Christensen, the one who sits on the council, said the legislative body is "taking the matter under advisement." Lawmakers may even issue some sort of statement, given all the publicity, he added.

"My take personally is that this is too big an issue for the small stage of the Lincoln City Council," Roy Christensen said. "Maybe we should just kick it up to the Department of Agriculture. They handle the classification of agriculture and meat products. Maybe that's the best place."

The press office for the US Department of Agriculture did not return a request for comment, probably because they have bigger issues to tackle during a pandemic. But Erik Oosterwijk, president and founder of Fells Point Wholesale Meats in Baltimore, said he cannot sell chicken breasts or thighs - two of the popular cuts often labeled as "boneless chicken wings" - by any other name.

"I could get in trouble because it's mislabeling," Oosterwijk told The Post. "Labeling is very strict, and I'm all in favor of it."

Restaurants are where the confusion creeps in, Oosterwijk said.
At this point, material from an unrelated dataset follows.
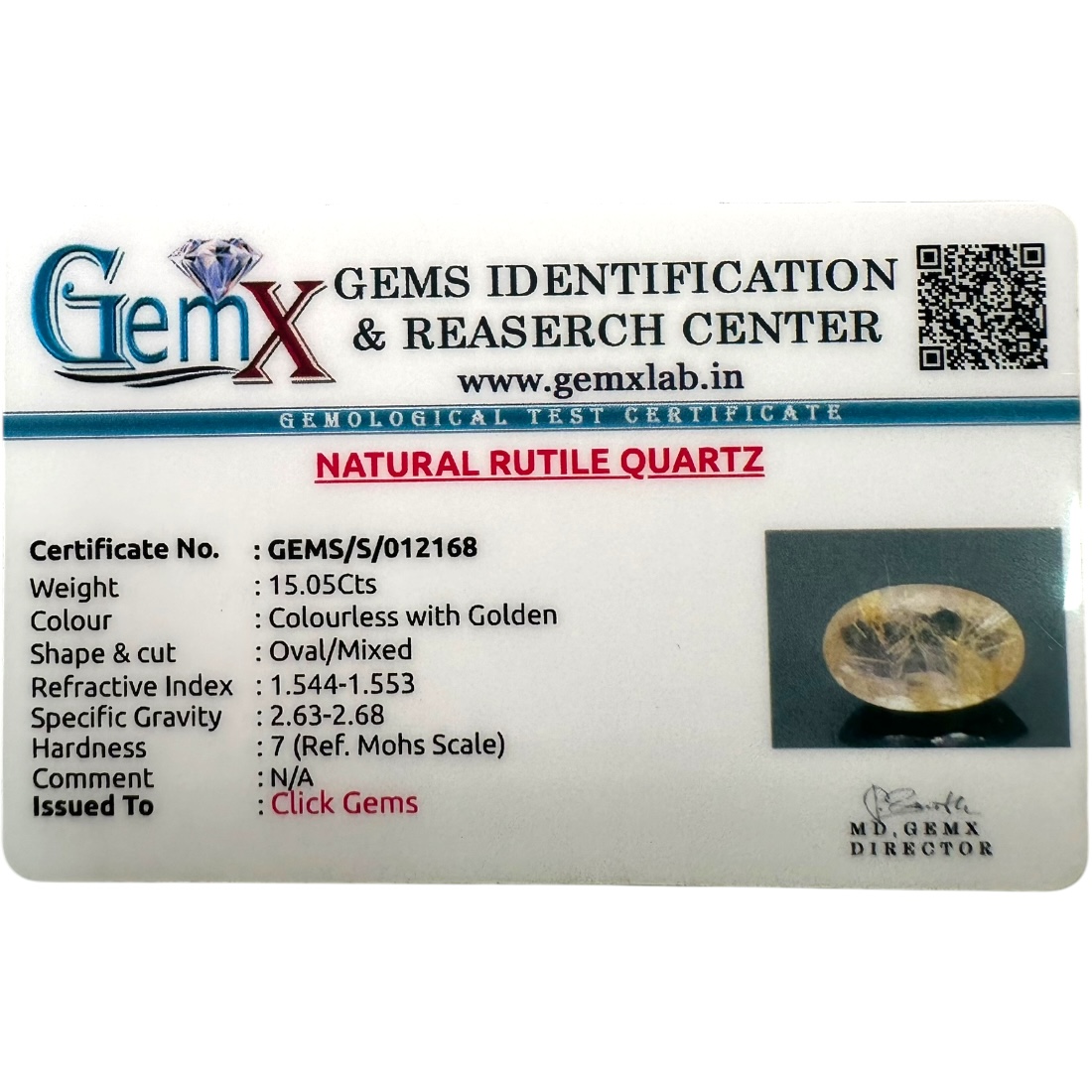 Experience the celestial elegance of this 15.05-carat Natural Rutile Quartz (Durr-e-Najaf), a gemstone of rare beauty and mystique. Featuring a colorless body adorned with golden rutile inclusions, this dazzling stone captures the essence of light and energy. Cut into a unique oval/mixed shape, it enhances both brilliance and natural charm, making it a striking addition to any jewelry piece.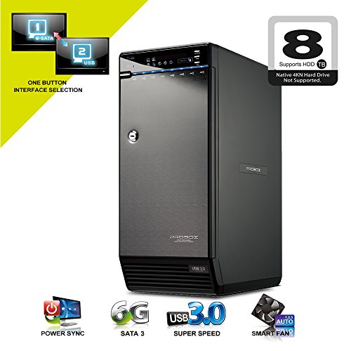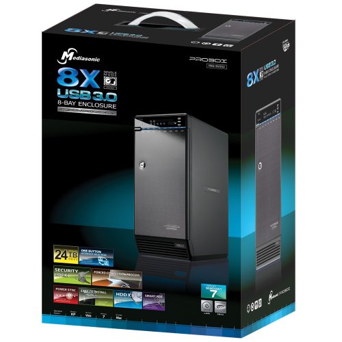 -. Binding : Personal Computers -. Brand : Mediasonic -. Color : Black -. EAN : 0629329000746 -. Feature : Support all brand of 3.5-Inch SATA I / II / III hard disk drive up to 6TB per drive, Support SATA III 6.0Gbps Hard Drive Speed / Transfer rate up to 5.0Gbps via USB 3.0 / Transfer rate up to 6.0Gbps via eSATA / One button interface selection: Switch USB 3.0 or eSATA interface by pressing one button / Supporting OS Windows 7 & 8 (32/64bit) (GPT Partition supports total capacity more than 2TB, MBR Partition support up to 2TB), Support Mac OS 10.3 or later -. HardwarePlatform : PC, Mac -. IsEligibleForTradeIn : 1 -. Label : RJ Tech -. Manufacturer : RJ Tech -. Model : H82-SU3S2 -. MPN : H82-SU3S2 -. OperatingSystem : Windows XP / Vista / 7 / 8 -. PackageQuantity : 1 -. PartNumber : H82-SU3S2 -. ProductGroup : CE -. ProductTypeName : COMPUTER_DRIVE_OR_STORAGE -. Publisher : RJ Tech -. Studio : RJ Tech -. Title : Mediasonic H82-SU3S2 ProBox 8 Bay 3.5" Hard Drive External Hard Drive Enclosure - USB 3.0 & eSATA -. UPC : 629329000746 -. Warranty : 1 year

They're the ones battering breast or thigh meat and calling them "boneless chicken wings." The fake wings have been around for 15 years or more, Oosterwijk said, and their invention is really a matter of economics for restaurants. Chicken wings - the real McCoy - are the most expensive part of the bird these days, Oosterwijk said. Restaurants may have to charge more than consumers are willing to pay for wings to meet food costs. Breast and thigh meat masquerading as wings can be more profitable.

Whatever the reason behind the counterfeit wings, Ander Christensen wants them properly named. He's prepared to take his fight all the way to Washington and the USDA, if necessary.

"I'm not saying that boneless wings are the worst thing on the planet Earth," he said. "If you want to live a half measure of a life and eat those, that's fine. It's up to you. You can keep them on the menu. Just don't sell them as a wing."